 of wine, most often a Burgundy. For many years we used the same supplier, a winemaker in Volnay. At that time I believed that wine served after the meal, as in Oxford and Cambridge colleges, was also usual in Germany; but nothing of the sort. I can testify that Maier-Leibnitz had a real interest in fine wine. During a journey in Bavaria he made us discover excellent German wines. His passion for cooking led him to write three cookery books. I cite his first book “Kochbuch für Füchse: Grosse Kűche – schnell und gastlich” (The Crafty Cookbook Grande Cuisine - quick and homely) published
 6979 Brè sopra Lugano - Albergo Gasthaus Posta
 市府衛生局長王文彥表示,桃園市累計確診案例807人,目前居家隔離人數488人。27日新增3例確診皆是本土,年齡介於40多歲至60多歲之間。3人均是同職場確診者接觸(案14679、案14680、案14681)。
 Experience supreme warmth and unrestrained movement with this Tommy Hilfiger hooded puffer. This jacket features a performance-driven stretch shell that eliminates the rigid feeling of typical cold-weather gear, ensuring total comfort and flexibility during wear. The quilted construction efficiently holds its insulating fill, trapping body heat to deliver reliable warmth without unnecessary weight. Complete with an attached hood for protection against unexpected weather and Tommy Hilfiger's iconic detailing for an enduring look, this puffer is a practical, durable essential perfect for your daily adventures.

---

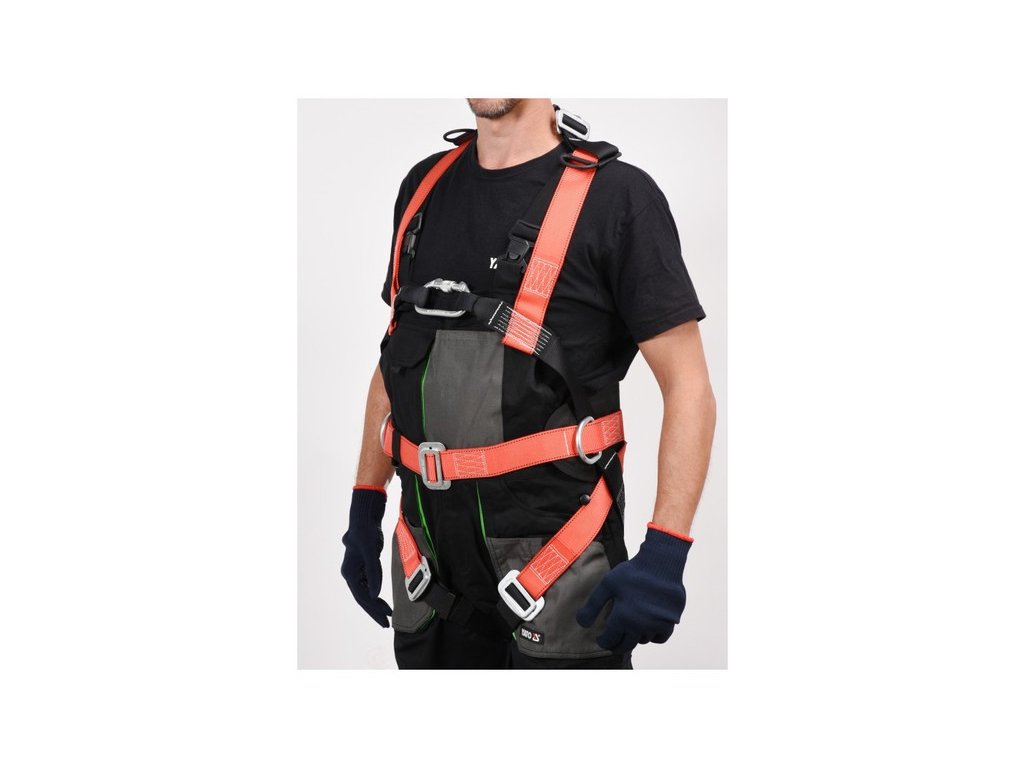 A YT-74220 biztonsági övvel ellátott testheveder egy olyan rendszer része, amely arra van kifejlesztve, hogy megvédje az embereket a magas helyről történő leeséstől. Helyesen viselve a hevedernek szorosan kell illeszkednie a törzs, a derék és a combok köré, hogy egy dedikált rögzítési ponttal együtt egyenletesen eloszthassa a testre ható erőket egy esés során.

> _EXERCISE OBJECTIVE_: When you reach the line in the material above that holds "市府衛生局長王文彥表示,桃園", begin reproducing lines exactly, and stop after the line that holds "Experience supreme warmth".

> _ANSWER BOX_:
 市府衛生局長王文彥表示,桃園市累計確診案例807人,目前居家隔離人數488人。27日新增3例確診皆是本土,年齡介於40多歲至60多歲之間。3人均是同職場確診者接觸(案14679、案14680、案14681)。
 Experience supreme warmth and unrestrained movement with this Tommy Hilfiger hooded puffer. This jacket features a performance-driven stretch shell that eliminates the rigid feeling of typical cold-weather gear, ensuring total comfort and flexibility during wear. The quilted construction efficiently holds its insulating fill, trapping body heat to deliver reliable warmth without unnecessary weight. Complete with an attached hood for protection against unexpected weather and Tommy Hilfiger's iconic detailing for an enduring look, this puffer is a practical, durable essential perfect for your daily adventures.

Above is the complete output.